In the Wainwright case, plaintiff sought possession of an automobile allegedly purchased from defendant in connection with the purchase of other movables and a house and lot. The question tendered was whether or not parol testimony to establish that the Pontiac was included in the sale by defendant and that the price thereof was covered in the total price expressed in the notarial act was admissible in the absence of charges of fraud or error in view of the contention that the testimony offered would vary and contradict the terms of the written act of sale. The court pointed out :

“ * * * If there is a real and genuine consideration for the contract, it may be proved by any sort of evidence, even though such proof establishes a consideration materially different to that expressed in the written instrument.”

The proof offered was in compliance with the well-recognized principle that where the expressed consideration of a contract was inaccurate, incorrect, or nonexistent the true consideration may be established by evidence other than written without doing violence to the parol-evidence rule. LSA-C.C. Art. 1900; 4 L.L.R., 388 et seq.

*107Thus, in the Wainwright case it was held that parol testimony was competent to prove the true consideration of the sale, although different in some respects from the consideration expressed in the deed.
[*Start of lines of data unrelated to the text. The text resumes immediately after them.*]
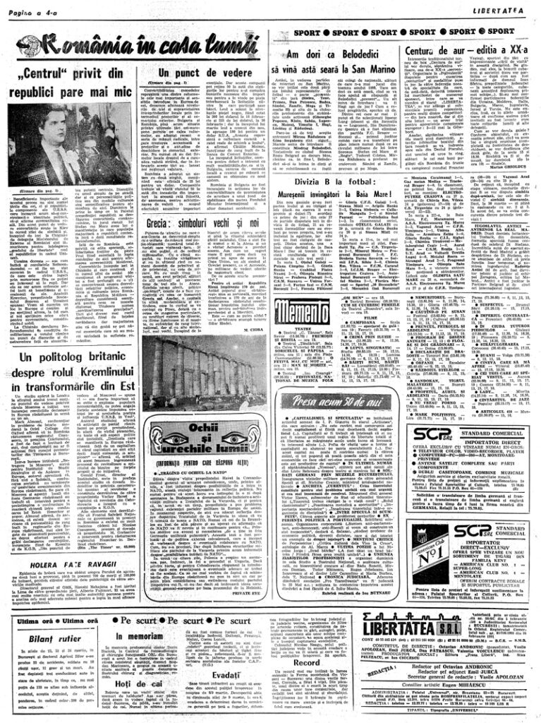 Ziarul Libertatea din 25 martie 1991 pag. a 4-a ▼ Click pe imagine pentru mărire
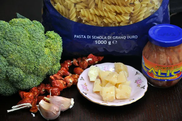 - 250 г пасти фузиллі (можна замінити оркетою або пенне)
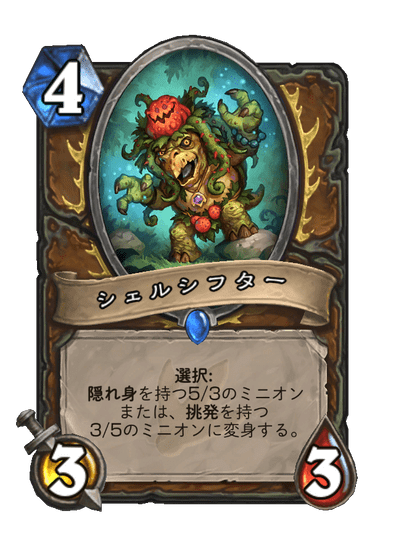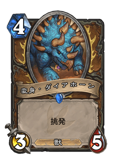 続いては大魔境ウンゴロで登場した「シェルシフター」が選択で変身する「変身・ラプター」です。スタンにいた頃もそんなに使われるカードでは無かったと思いますが、今さらワイルドで使う人はさらに全くいなさそうなので見かける事は中々無いでしょう。
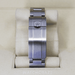 The Rolex Oystersteel case and black dial are protected by a sapphire crystal. The black dial has luminescent hour markers and Mercedes hands.
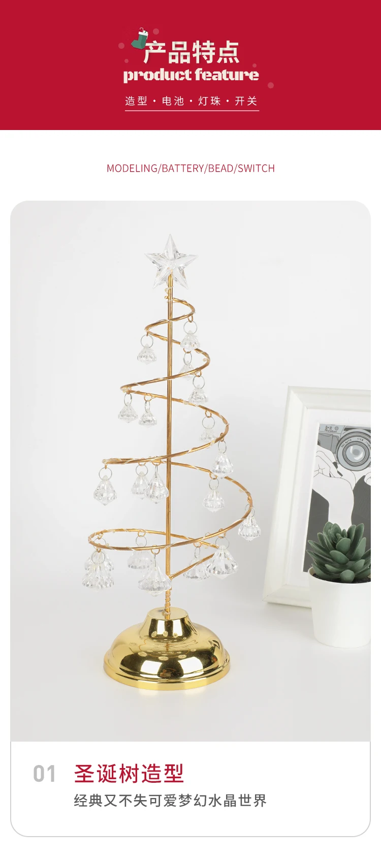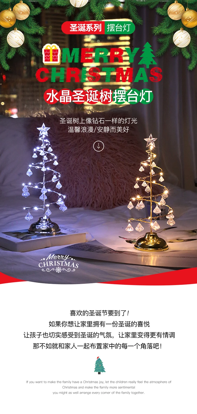 Настольная лампа на рождественскую елку с кристаллами для украшения...
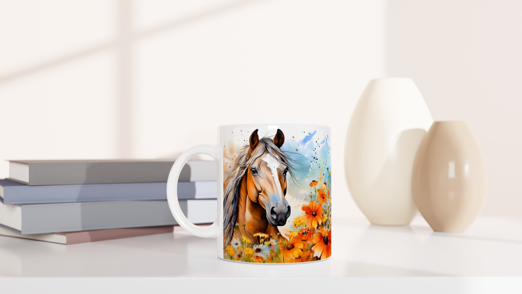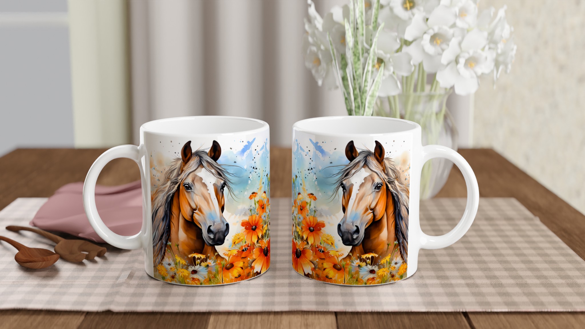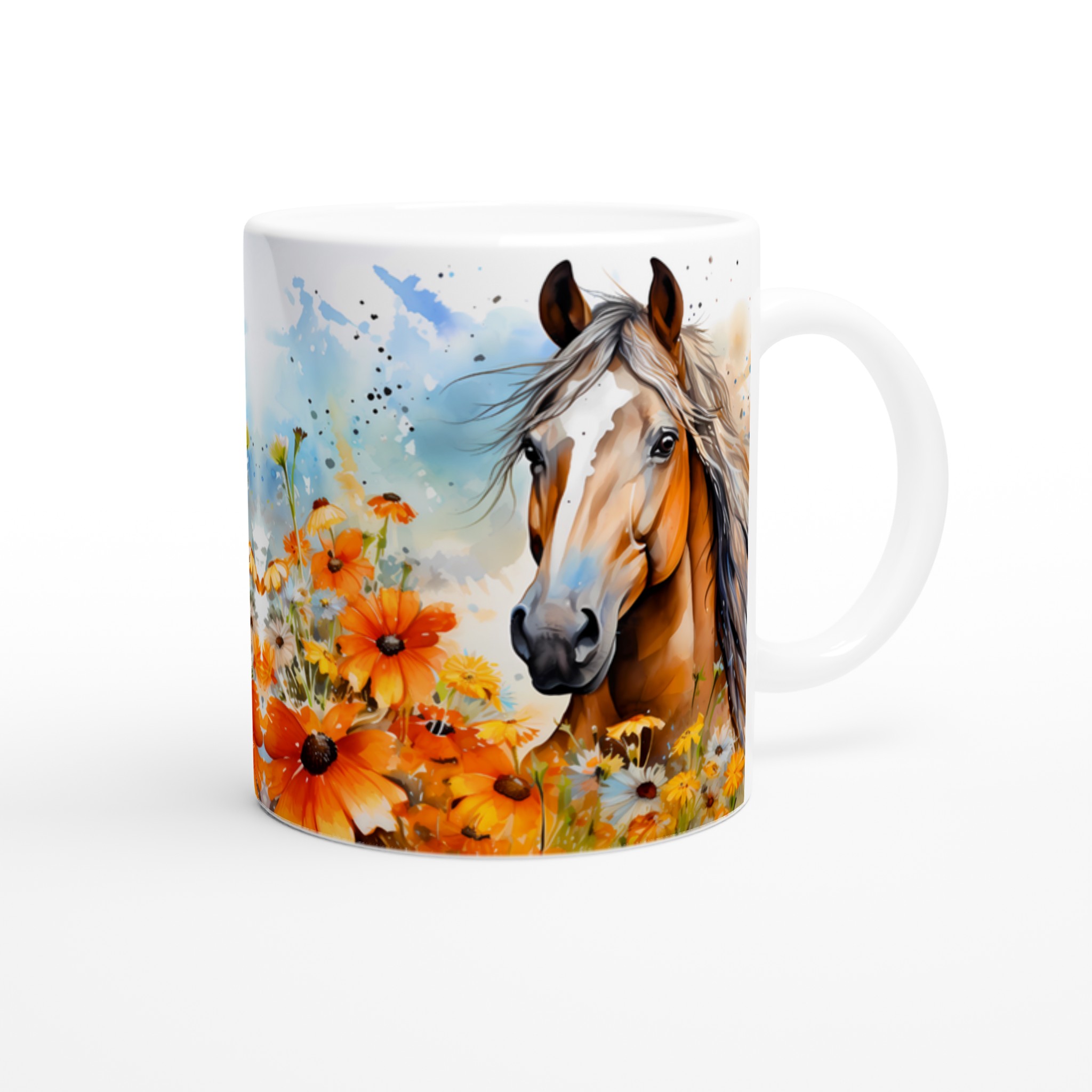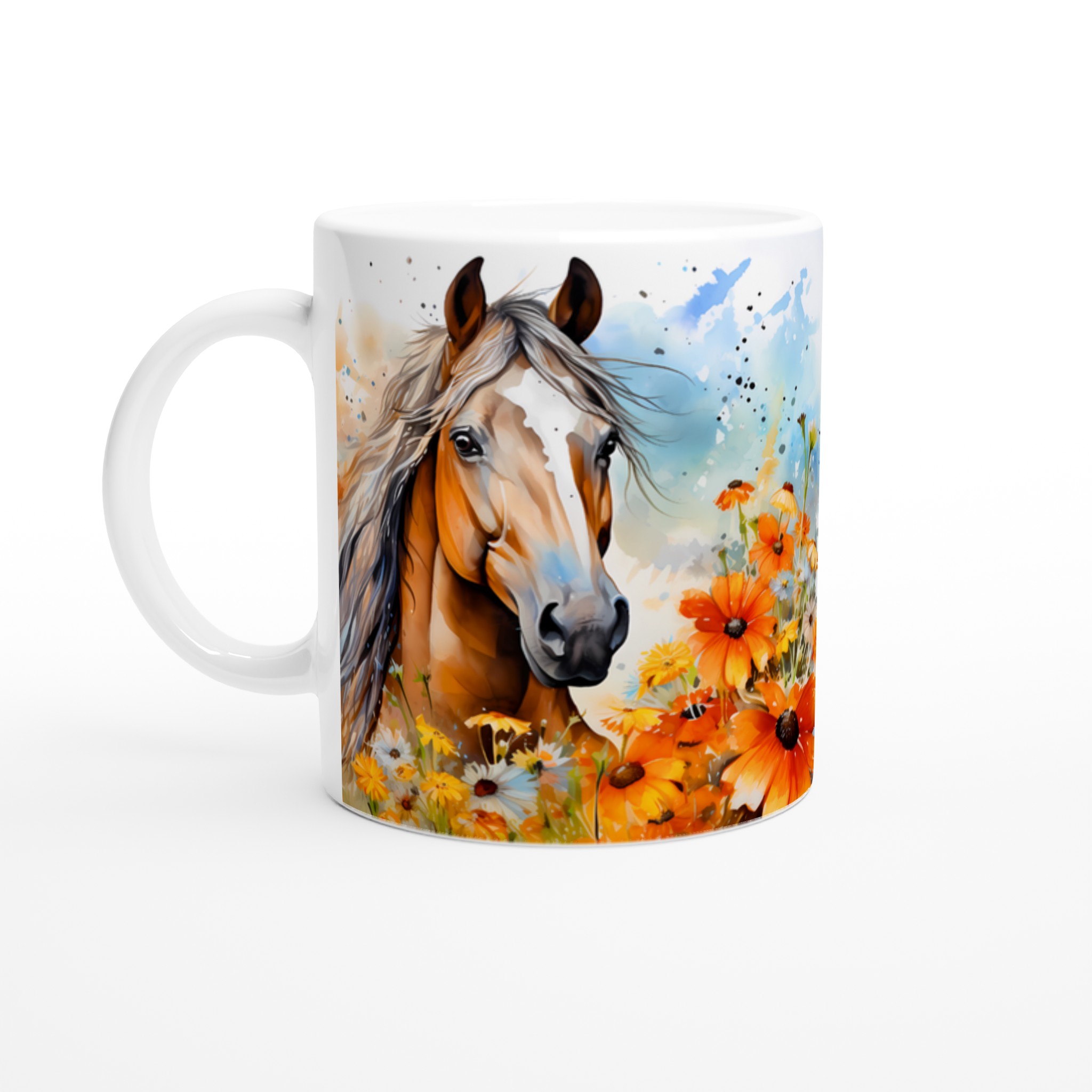 Denna fängslande keramiska mugg blir snabbt en vardagsfavorit, perfekt för att förgylla din fikastund. Med ett drömskt akvarellmotiv av vilda hästar i ett blomstrande hav av varma orange och gula nyanser, mot en lugnande blå bakgrund, bjuder den in till en stund av frid och skönhet. Föreställ dig att starta morgonen med kaffe i denna mugg, låta kvällens varma choklad värma själen, eller bara njuta av en kopp te medan du betraktar de mjuka färgskiftningarna.
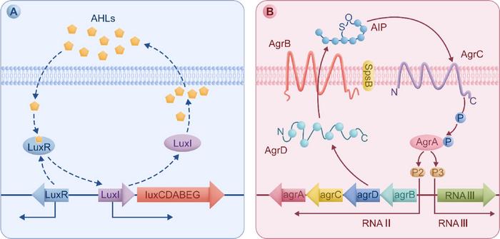 Representative QS systems of Gram-negative (A) and Gram-positive (B) bacteria. For Gram-negative bacteria, the AIs are AHLs, which are encoded by luxI. Upon reaching a threshold, AHLs bind to LuxR, subsequently activating the expression of genes involved in the production of virulence factors. For Gram-positive bacteria, the AIs are AIP, which is encoded by argD. Upon reaching a threshold, AIP binds to ArgC, subsequently activating the expression of virulence-related genes.

In Brown v. Hockenjos et ux., La.App. 2d Cir., 1957, 95 So.2d 353, defendant D. E. Hockenjos, by written agreement, leased a 2-acre tract of land from plaintiff for a period of five years. Plaintiff made certain improvements to the leased premises and thereafter sought reimbursement of the expenditures made therefor. No reference was made in the lease as to the repairs or the improvements made by the lessor. Plaintiff’s claim for reimbursement was predicated upon a purported loan agreement entered into between him and Mrs. Hock-enjos who operated a cafe on the leased premises. Objection was made to the admissibility of the testimony to establish any obligation on the part of plaintiff to make or cause to be made at his expense the improvements and renovation of the leased premises inasmuch as the written lease imposed no such obligation. In disposing of this objection, the court very appropriately stated:

“ * * * The jurisprudence supports plaintiff’s position in this regard and it is so well established under LSA-C.C. Art. 2276 that parol evidence, in the absence of allegations and proof of fraud or error, is inadmissible to contradict, alter or vary, or add to or subtract from a written contract as to obviate the necessity of citing authorities in support of the proposition. Therefore, so far as such testimony purports to place upon plaintiff a more onerous obligation than contracted in the aforesaid lease, such evidence is amenable to this rule of evidence, and the objection thereto, at least, to the extent and purpose, if it be, of altering, contradicting or varying the written lease, should have been sustained and, for such purpose, will not be given consideration in the resolution of the issues presented here.” (95 So.2d 353, 354.)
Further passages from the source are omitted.